Article • Assessment of brain tumour treatment response

Developing AI algorithms for earlier glioblastoma detection

Novel advanced imaging biomarkers are being developed in a series of studies at several UK centres that may lead to the earlier assessment of treatment response to glioblastoma (GBM) and a better survival rate.

Report: Mark Nicholls

portrait of Shah Islam
Dr Shah Islam

Through a number of clinical trials – and the application of artificial intelligence (AI) to retrospective data sets – the aim is to highlight approaches that will enable clinicians to recognise much sooner when treatments are failing and thus switch patients to a second therapy before too late.

Neuroradiologist Shah Islam, a clinical research fellow at Imperial college London (ICL), who is completing a PhD in advanced computational brain imaging, has become a key figure in the research to develop the robust imaging biomarkers needed to detect early treatment response in glioblastoma cases. ‘The aim is to see whether, by using the novel MRI sequence, we can predict which patients will respond to treatment at the mid-radiotherapy stage,’ he said.

Five centres and three time points

Among the trials is the Diffusion in Glioma Study (DIG), in association with the Brain Tumour Charity. This involves five UK neuroscience centres – Charing Cross Hospital, London; Addenbrooke’s Hospital, Cambridge; The Royal Infirmary, Edinburgh; the Walton Centre, Liverpool, and the National Hospital for Neurology and Neurosurgery at Queen Square, London – where advanced Diffusion Weighted Imaging (DWI) MRI sequences are performed at three time points: pre-, mid- and post-radiotherapy.
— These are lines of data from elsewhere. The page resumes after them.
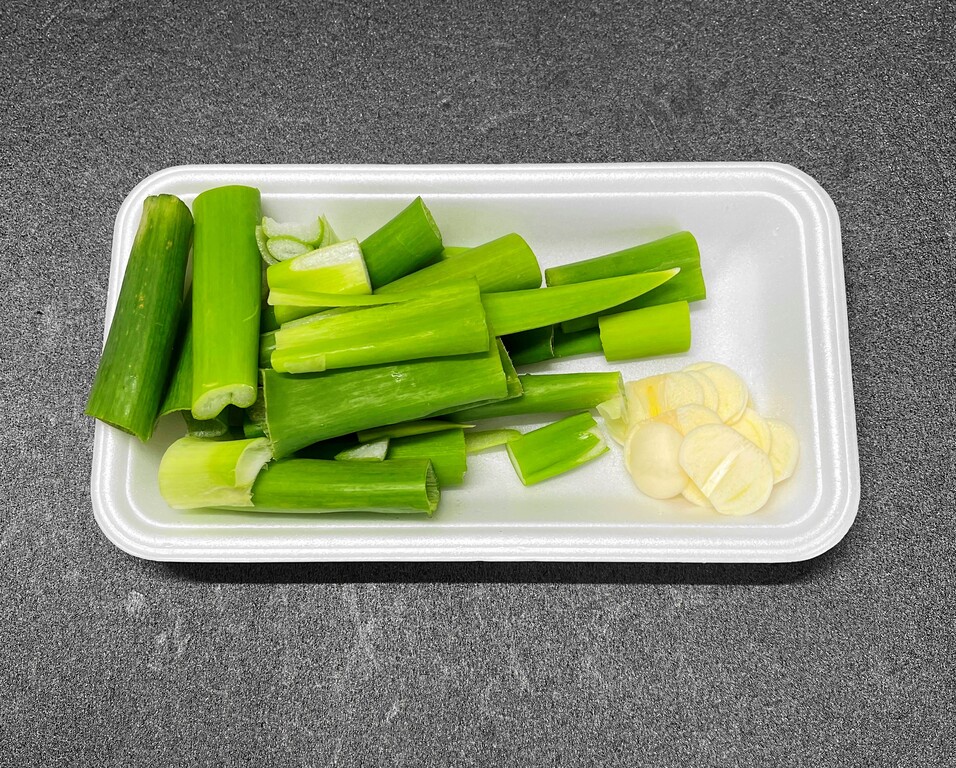 ネギの青い部分が50gとニンニク一片をスライスしたもの。
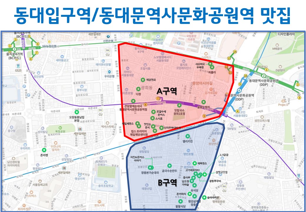 3호선 동대입구역 2번 출구 태극당쪽으로 나오시면 거의 다 맛집이구요. CJ제일제당 근처에도 맛집들이 있습니다.
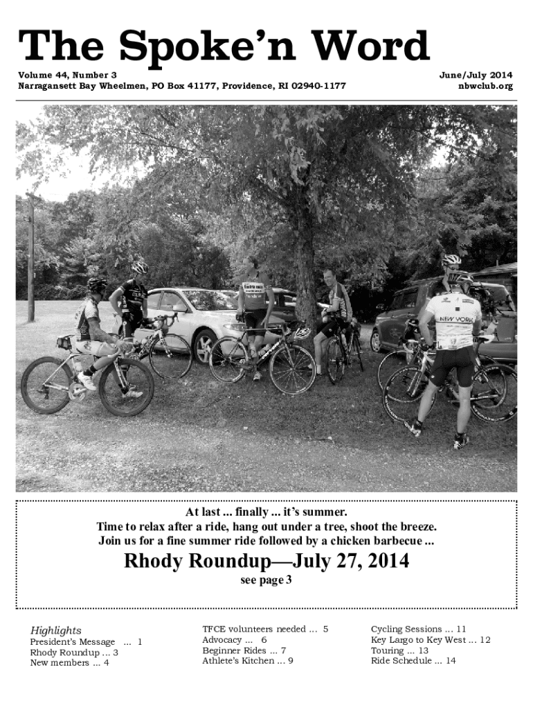 The Spoken Word Volume 44, Number 3 Narragansett Bay Wheelmen, PO Box 41177, Providence, RI 029401177June/July 2014 club. Organ last ... finally ... its summer. Time to relax after a ride, hang out

Top left: T1-weighted MRI of a patient with a recently resected right frontal MRI. Top right: Fluid-attenuated inversion recovery (FLAIR) MRI of the same patient. Bottom left: ADC map created from standard diffusion sequences. Bottom right: DDC map created from multi b value, advanced diffusion sequences

With current imaging reliance on T1 contrast enhancement to look for disease, the researchers are unsure whether this is sensitive enough to appreciate subtle changes in the underlying tumour. This has seen use of advanced DWI to extrapolate the most sensitive part of diffusion imaging that can help researchers to accurately identify changes in the tumour microenvironment. ‘What is important about the DIG study is that it is multi-centre and uses scanners from multiple manufacturers, making any positive results more robust,’ Islam pointed out.
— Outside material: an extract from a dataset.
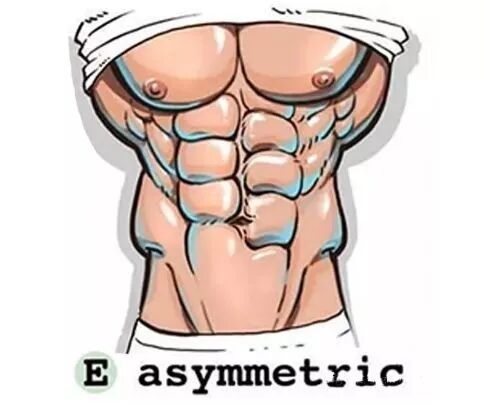 4.右侧腹肌往上偏移,左侧腹肌往下偏移;
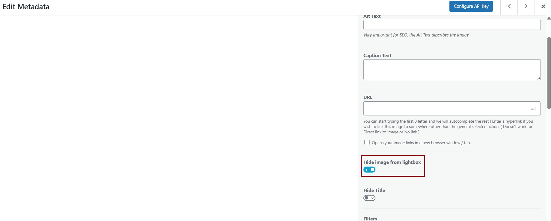 Note: Keep in mind that any images added to the gallery will also appear in the lightbox, which may not be desired.

A second study – the 18F FPIA PET MRI in Glioma, funded by the Medical Research Council – uses a new radio tracer developed at Imperial College London combined with hybrid PET/MRI scanning. ‘The radio tracer has been developed to specifically detect tumour cells in the brain, by looking for fatty acid metabolism, which healthy brain cells do not exhibit,’ Islam explained. ‘The idea is that we can look for any residual disease following the surgical resection, and also explore its use as treatment response marker following radiotherapy.’ As 18F FPIA is designed to detect only tumour cells, the healthy brain should not demonstrate any signal, he added.

Islam is also on the steering committee of the Tessa Jowell* Brain Matrix (TJBM) – a 10-centre government-led study aimed at improving outcomes in patients with aggressive brain tumours – which endeavours to curate all GBM data prospectively, including imaging data, histological and molecular data, and genetic data, to allow the successful development of an AI approach.
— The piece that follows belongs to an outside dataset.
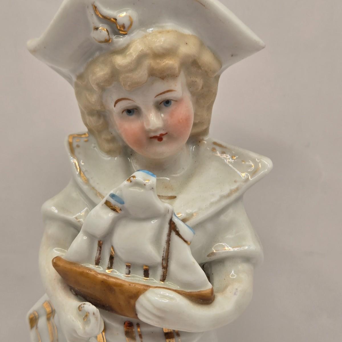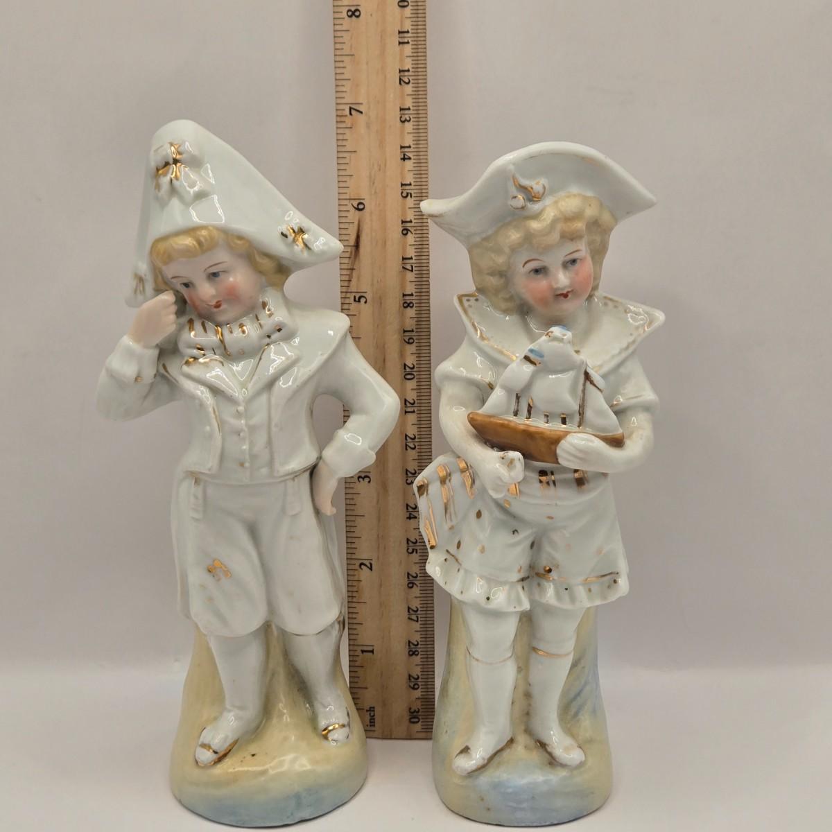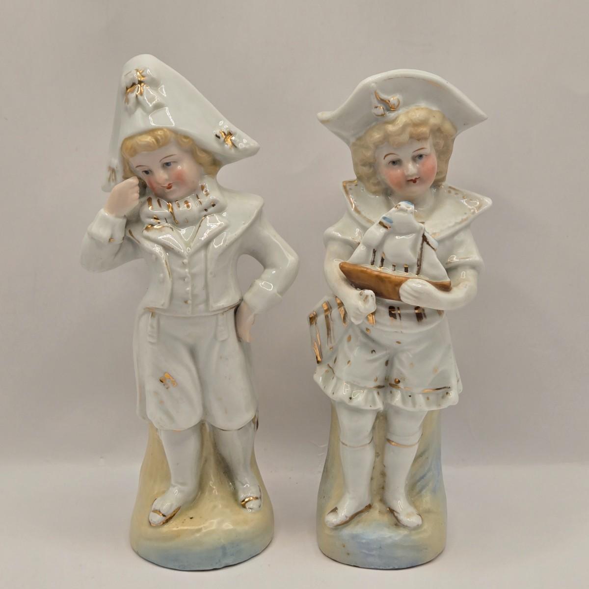 LOT 168F: Pair of Late 19th, Early 20th Century Antique German Figures of Boys in Sailor-Inspired Clothing

Earlier detection of treatment response

There is a small window to change people to second-line therapies; if we can identify those that won’t do well on first-line treatment, we can then change them to another treatment

Shah Islam

‘The lifeblood of any AI in imaging,’ Islam continued, ‘is the data used to create algorithms. With the TJBM, we have the volume of data coming through, which is labelled perfectly and combined with patient metadata. This will allow us to develop AI algorithms that can detect treatment response earlier.’

A current problem when patients go on first-line treatment for GBM – surgery, radiotherapy and adjuvant temozolomide (chemotherapy drug) – is that clinicians do not know which patients will do well and those that won’t until it is too late. ‘There is a small window to change people to second-line therapies; if we can identify those that won’t do well on first-line treatment, we can then change them to another treatment,’ he said. ‘The average life expectancy is approximately 18 months and we haven’t seen a positive trial result since the introduction of temozolomide 15 years ago; so we are failing these patients. We hope a benefit will be to allow new drugs to be tested in clinical trials using the new biomarkers to appropriately validate the new drug.’

Preliminary results of the trials were presented at RSNA 19, but Islam confirmed that, although they ‘demonstrate early promise’, they are still a long way from clinical translation into routine imaging.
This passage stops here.